На Рыбачьем и Среднем
В политотделе среди захваченных у немцев документов хранится затрепанный номер немецкой газеты. На четвертой странице ее напечатана любопытная история о том, как храбрые горноегерские части штурмом брали полуострова Средний и Рыбачий.
История эта особенно любопытна потому, что мы сейчас полным ходом идем на маленьком буксире к берегам того самого Рыбачьего полуострова, который на страницах немецких газет еще в июле захвачен горными егерями.
Однако капитан буксирчика, долговязый, спокойный моряк в выцветшей фуфайке, Петруша, как его ласково зовут на буксире, отнюдь не боится попасть в плен к немцам.
Он, к сожалению, не читал «Фелькишер беобахтер», и поэтому о пребывании немцев на Рыбачьем полуострове ему, конечно, ничего не известно.
— Сколько раз хожу, не видел, — говорит он, лениво пожевывая папироску. — Правда, стреляют иногда с того берега, от Пикшуева мыса. Это действительно. Ну, да ведь моя байда, как блоха, — разве в блоху из пушки попадешь.
На Рыбачьем и Среднем
И правда, буксирчик малодоступен для артиллерии, особенно в такую погоду, как сегодня, когда среди бушующих волн Мотовского залива за пятьдесят метров видна только верхушка его трубы.
Не знаю, откуда произошло название Мотовский залив, но здесь все вполне резонно считают, что не иначе как от слова «мотать», и между собой фамильярно называют его просто «Мотка».
Вся земля кругом причалов, окрестные сопки и ущелья покрыты воронками. День за днем, месяц за месяцем, пытаясь нарушить снабжение защитников Среднего и Рыбачьего, немцы бомбили это побережье. На дне залива лежат тысячи тонн сброшенного ими металла.
— Если бы собрать все железо, которое они сбросили, чтобы разбомбить этот портовый поселок, то можно было бы выстроить точно такой же металлический, — со спокойным стариковским юмором замечает седой подполковник.
Крайний Север дает себя знать. Всю ночь валит снег. К утру дороги заносит настолько, что до расчистки их тракторами ехать на машине с Рыбачьего на Средний нечего и думать.

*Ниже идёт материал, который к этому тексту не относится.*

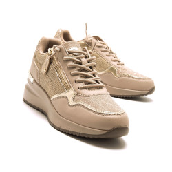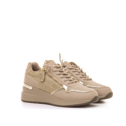 Zapatillas de cuña color arena para mujer, modelo Goa de mtng. Un diseño con combinación de texturas, cierre con cordones y cremallera lateral decorativa que le aporta un detalle diferenciador. Incorpora piezas metalizadas doradas que añaden un acabado llamativo sin perder versatilidad. Ideal para looks urbanos donde se busca comodidad con un toque actual, gracias a su suela con volumen que estiliza sin renunciar a la funcionalidad. Incorporan una plantilla de 4 mm con tecnología Starfit, estas zapatillas ofrecen una pisada suave y cómoda. Su espuma Comfort Foam aporta un acolchado extra, ideal para disfrutar de un confort prolongado en cada uso.
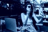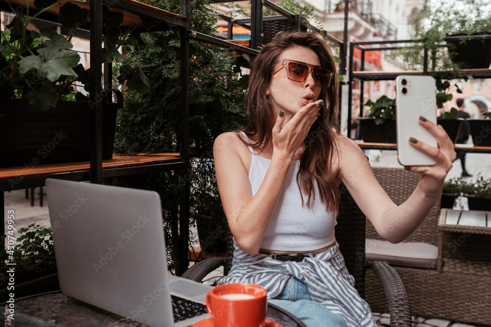 Young Cheerful Woman Using Smartphone for Video Call While Sitting in Cafe Outdoors

— Вы только посмотрите на карту, — говорит комендант. — Куда только судьба может занести одессита! Весь Кольский полуостров — это, можно считать, самый нос материка. Ну, а Рыбачий — это же бородавка на носу. И выходит, что я не кто иной, как комендант бородавки. Да. А вам придется посидеть у меня сутки, раньше дороги не будет. Кстати посмотрите, как нас тут бомбят.
Гинзбург смотрит на часы и направляется к выходу из землянки.

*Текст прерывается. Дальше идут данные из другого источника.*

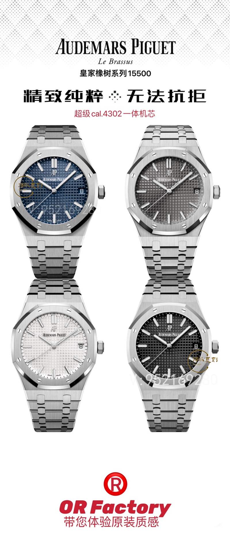 大家好,我是zslhs小編,2023年初,OR廠全面發(fā)布了AP系列的新品,全系列發(fā)布了AP15500、15400、15510三個系列共計13款腕表,后續(xù)會根據(jù)市場需求再拓展,今天我們主要了解的是OR廠的AP15500,也是目前主力男士三大針鋼款腕表。作為鋼王,正品一直處于供不應求的狀態(tài),二級市場也是超越公價的存在,兩年前15900的公價,現(xiàn)在18900經典藍盤,這只是公價的溢價,還有二級市場的提價更嚴重,去年達到了50萬以上,這個主要還是看成色。

— Обычно как раз в это время попьют утром своего бобового кофе и прилетают.
На высоте пяти тысяч метров, еле видный, действительно крутится самолет.
— Сначала ниже летали, потом сбили несколько из зениток, и теперь ниже трех тысяч не порхают.
Самолет сделал еще несколько кругов и, не пикируя, сбросил полдюжины бомб. Над заливом поднялись водяные столбы.
Самолет повернул на запад.
На Рыбачьем и Среднем
— Ну, вот нас и «разбомбили», — меланхолически замечает комендант, провожая самолет равнодушным взглядом. - Теперь пойдемте завтракать.
До ночи мы не остались. Снег безнадежно продолжал сыпать, и мы решили переправиться с Рыбачьего на Средний на моторной лодке. Лодку так заливало встречными волнами, что минутами казалось, что она идет не по волнам, а где-то внизу, сквозь них.
Стоя по щиколотку в воде, закутанный в резиновый плащ, рулевой на всякий случай держал ближе к берегу. Моторист дежурил у пулемета. От немцев нас отделял только узкий пролив.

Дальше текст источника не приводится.